Radar Systems

DUNE has a deep skill in designing and developing hard real-time systems where flexible multi-processor architectures are needed to process high data rate and guarantee the system reliability and the failure run-time management.

Our company has developed the signal processing sections of several 2-D and multi-function 3-D radars equipped with active phased array antenna used at short and medium range for aerial discovery, research and tracking of targets in antiaircraft systems.

The entire project documentation, according to the ISO 9001:2015 and NATO Standard AQAP-150, is integrated to the system delivery.

3D Multifunction Radar System (MFRA)

It is a multifunction radar operating at C-band, performing concurrently 3D detection, multiple target tracking and missile guidance. It is designed to be on board medium and large tonnage vessels having full volumetric search coverage, low altitude and surface search, multiple target tracking, up-link transmission.

DUNE has developed the Signal Processing section (Electronic Counter Counter Measures, Main Beam Cancellation, Sidelobe Cancellation, Sidelobe Blanking, Clutter Cancellation algorithms, Advanced anti Multi path techniques, fault tolerance and automatic reconfiguration) on a VXS rack including 2 Mercury RapidIO Switches and 7 Mercury PPC boards (HCD5220) including 4 processors each.

The real-time architecture has been designed, simulated, optimized and realized using a cluster of 26 processors operating with parallel, serial and round-robin scheduling supporting automatic architecture reconfiguration according to the incoming signal characteristics (duration, signal types, required processing, error presence).

Land Based and Shipborne 3D Radar System (KRONOS)

It is a 3D multi-role C-Band radar with a full solid state active phased array antenna used both in land based and shipborne configurations at medium range having an extended 3D coverage for search, tracking and auxiliary activities.

DUNE has realized a first version of the Signal Processing section in a cluster of DSPs and in the following it has managed and developed the system migration and porting on a multi-processor PPC architecture in order to prevent HW obsolescence and upgrade performances.

DSP version DUNE has developed the Signal Processing section (Digital Down Conversion, Digital Pulse Compression, Real Time Weight Selection, Moving Target Detection, Constant False Alarm Rate, OSGO/CAGO, thresholds application and Jammer filtering algorithms) on a rack including 2 Bittware TS6U boards (Tiger-6U-cPCI, Octal ADSP-TS101S Tiger SHARC 6U cPCI board) including 8 DSP (ADSP-TS101S Tiger SHARC) and Xilinx Virtex-II reconfigurable FPGA.

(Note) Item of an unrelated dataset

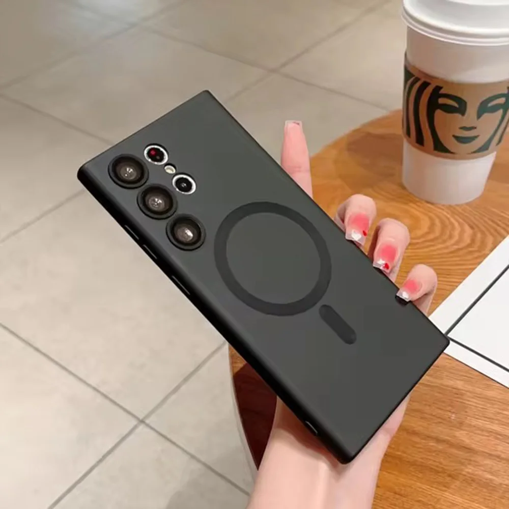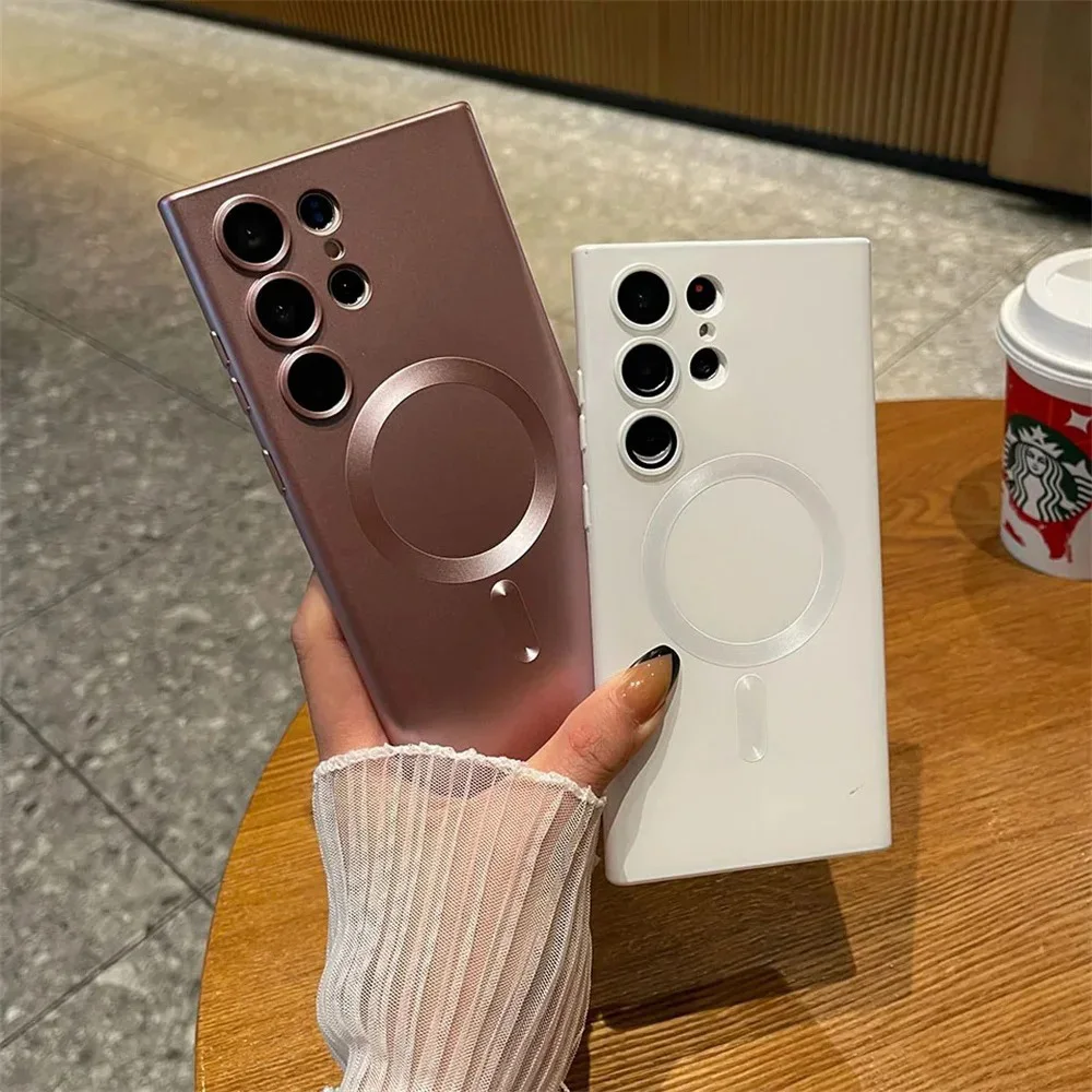 Funda magnética de pintura metálica de lujo para for Samsung Galaxy, Protector de lente, cubierta de silicona mate, for Magsafe, for Samsung Galaxy S25, S24, S23, S22, S21 Ultra Plus funda movil

PPC version DUNE has developed the Signal Processing section (Main Beam Cancellation, Sidelobe Cancellation, Sidelobe Blanking, Clutter Cancellation algorithms, fault tolerance and automatic reconfiguration) on a VXS rack including 2 Mercury PPC boards (HCD5220) with 4 processors each.

The real-time architecture has been designed, simulated, optimized and realized using a cluster of 8 processors operating with parallel, serial and round-robin scheduling supporting automatic architecture reconfiguration according to the incoming signal characteristics (duration, signal types, required processing, error presence).

2-D Medium-Range Radar

It is a 2D medium-range air detection system designed for vessels.

DUNE has developed the digital processing architecture (digital compression, platform motion and sensitivity time control compensation, automatic frequency, gain and real-time weight selection, moving target detection, constant false alarm rate and clutter management) on a Bittware PCI board with 8 DSP Tiger Sharc.

The real-time architecture has been designed, simulated, optimized and realized using a cluster of 8 processors operating with parallel and scheduling.